Curve operations modulo a number of the form 2^b - k are easy to
implement efficiently if there is a regular arrangement of limb sizes
small enough that an operation of the form (a+b)*(c+d) can be
performed without carrying the inputs to the multiplication, and with
reduction modulo x^l - k performed during the multiplication, for both
signed 64-bit and unsigned 128-bit multiplication-result lengths.
For example:
* Curve25519 coordinates can be represented using a repeating sequence
(26, 25, 26, 25, ...) of 10 limb sizes on 32-bit processors or 5
uniform 51-bit limbs on 64-bit processors. Considering the 32-bit
representation: the sum of two coordinates has at most 27 bits per
limb, k=19 fits in 5 bits, and the number of limbs 10 fits in 4
bits, so multiplication can produce 27*2 + 5 + 4 = 63-bit limbs,
which is clearly safe; I don't have to find a more precise estimate
to justify implementing that multiplication routine.

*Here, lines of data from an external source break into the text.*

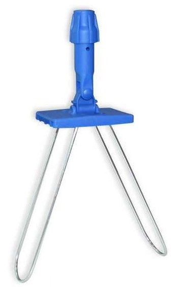 Рамочный складной держатель с синей пластиковой основой и шарнирным соединением. Подходит к мопам "с кармашками" шириной 80 см для сухой уборки. Универсальное крепление-кольцо позволяет использовать с любой ручкой диаметром 20-24 мм.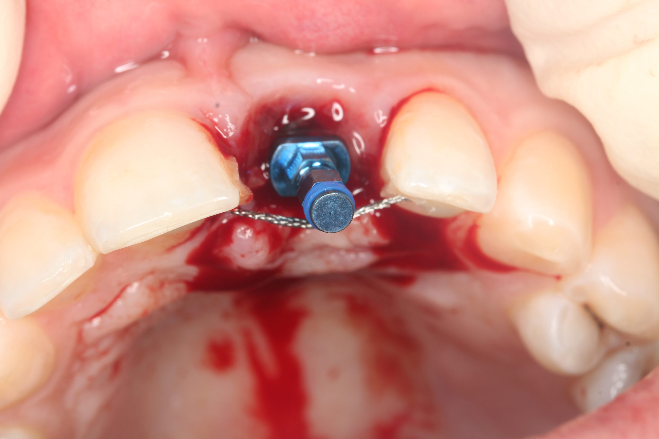 Der Mukoperiostlappen wurde palatinal angehoben und teilweise vestibulär mobilisiert. Ein 14 mm langes Implantat BioniQ® von LASAK mit Ø 4 mm wurde eingesetzt und nach dem Entfernen des Trägers ein provisorischer Aufbaupfosten befestigt.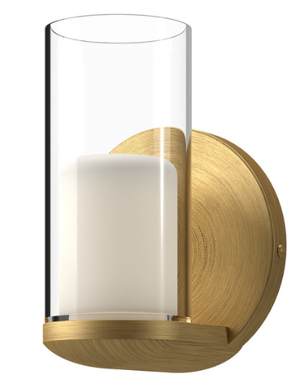 The Birch Wall Sconce brings a warm romantic look to your interior space. The smooth frame is complemented by clear cylindrical glass surrounding an inner white glass cylinder, casting bold shadows across your room. Can be mounted up or down.FEATURES :

* Curve1174 coordinates (mod 2^251 - 9) can be represented using a
sequence of (26, 25, 25, 25, ...)-bit limbs (with no repeating
pattern) on 32-bit processors, or (51, 50, 50, 50, 50)-bit limbs on
64-bit processors. The 64-bit pattern is tolerable, though it
requires a specialized multiply routine, but I don't see a good way
to vectorize the 32-bit computation as-is. Since 9 is a really
small number, it's possible to add another bit (so the modulus is
2^252 - 18, and there's a 5-limb pattern of (26,25,25,25,25)-bit
limbs) to make carries vectorizable in the 32-bit computation, but
since there is no longer a significant benefit of Curve1174 over
Curve25519, it's not worth implementing.
* Curve3617 coordinates (mod 2^414 - 17) can be represented in four
reasonable ways: a uniform sequence of 9 46-bit or 18 23-bit limbs
(trivial to implement), two repetitions of (52,52,52,51)-bit limbs
(faster than the 9-limb representation), or two repetitions of
(26,26,26,26,26,26,26,25)-bit limbs (faster than the 18-limb
representation, and still (just barely) safe). Carries are
vectorizable for all of these representations.

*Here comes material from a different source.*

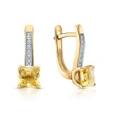 Золотые серьги с бриллиантами природными и цитринами природными

* E-382 coordinates (mod 2^382 - 105) have a vectorizable 16-limb
representation for 32-bit processors (same shape as that for
Curve3617, with two fewer bits per limb), but that's as long as for
Curve3617, and to obtain a lower security level. Because 105 is so
large, even a 15-limb representation requires that reduction modulo
x^15 - 105 be separated from multiplication, and carries do not
appear to be easily vectorizable.
* M-383 coordinates (mod 2^383 - 187) are worse than E-382: no obvious
way to vectorize carries for the 16-limb representation, and 187 is
even bigger than 105.
* E-222 coordinates (mod 2^222 - 117) just barely allow a 9-limb
representation (which should be a repeating pattern of (25, 25, 24)

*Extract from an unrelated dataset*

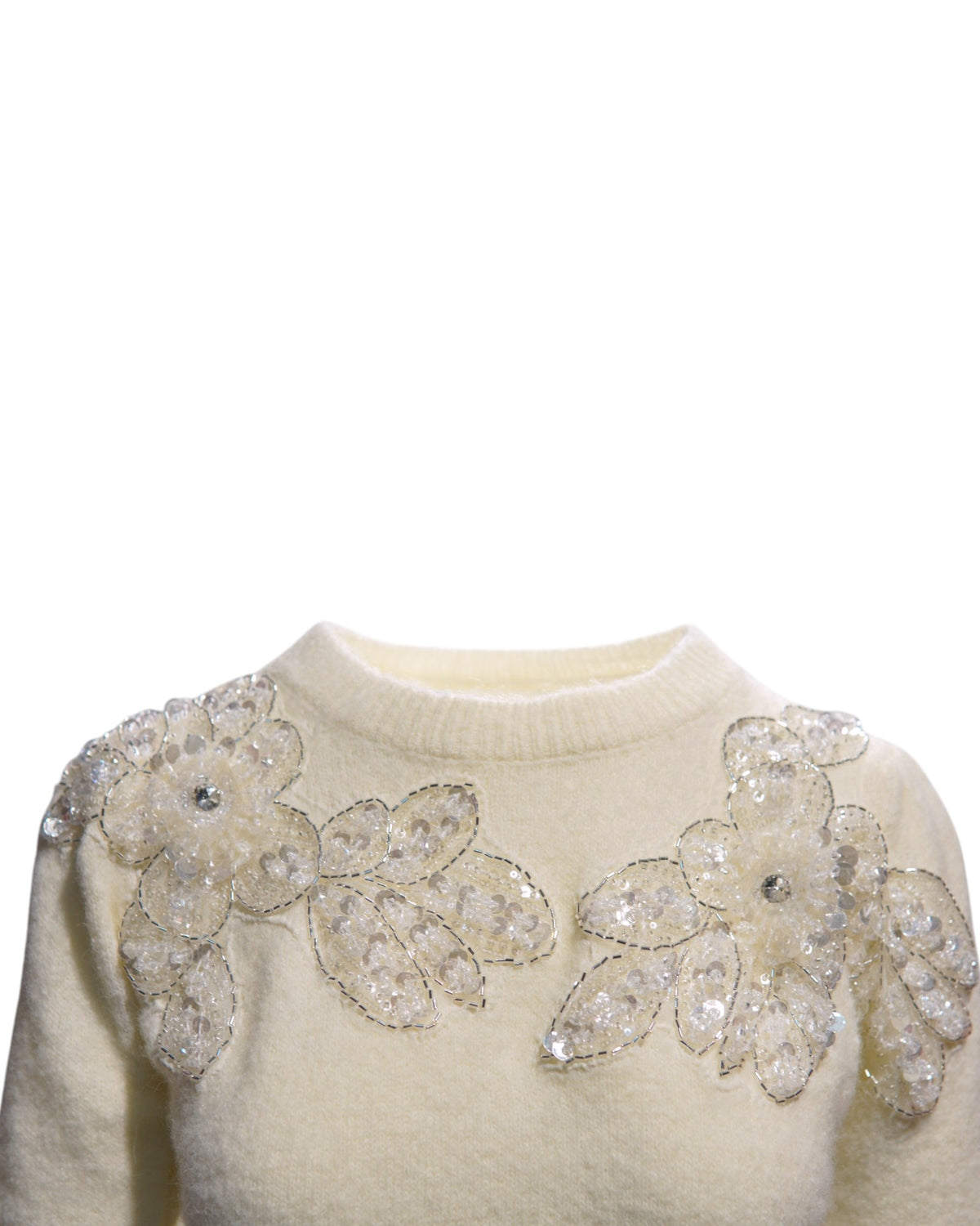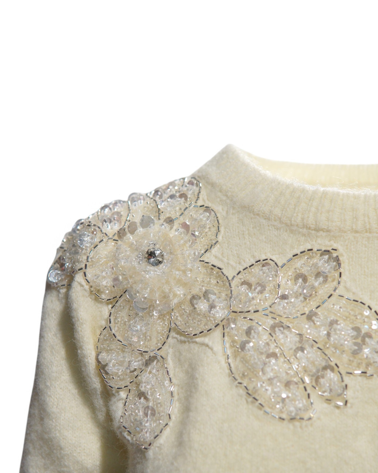 Pulover Pufos Cu Mâneca Scurtă Și Flori Din Paiete

bits) on 32-bit processors, and allows a 4-limb representation (56,
55, 56, 55) on 64-bit processors. M-221 allows 32-bit processors to
use an 8-limb representation (not obviously vectorizable) for a
group two bits smaller, and can be expanded to 2^222 - 6 to use the
same 9-limb pattern as E-222 if that turns out to be faster. The
coordinate field of M-221 is strictly better than E-222 now that
Elligator 2 is available.
The NSA curves' coordinate fields essentially require an
assembly-language implementation, but have two benefits: (a) there is
software already available to operate in those fields, and (b) there
are hardware devices which implement those fields, and it should be
possible for manufacturers to extend future versions of them to
support a Montgomery/Edwards curve over the same field with somewhat
less cost than over a different field.
> Also, the curve over F_{2^521 - 1} (which was, in a different form,
> independently discovered by Mike Hamburg, and then also by Dan Bernstein
> and
> Tanja Lange) is ugly?
I had forgotten about E-521.
Initially, I had thought that 2^521 - 1 would have a non-vectorizable
limb pattern on 32-bit processors (where vectorization currently
matters). I have since noticed that the modulus could be enlarged to
2^522 - 2, which has a vectorizable 20-limb pattern on 32-bit
processors. It's still not as implementation-friendly a field as
Curve3617 has, but it's not as ugly as 2^b - k with k>100.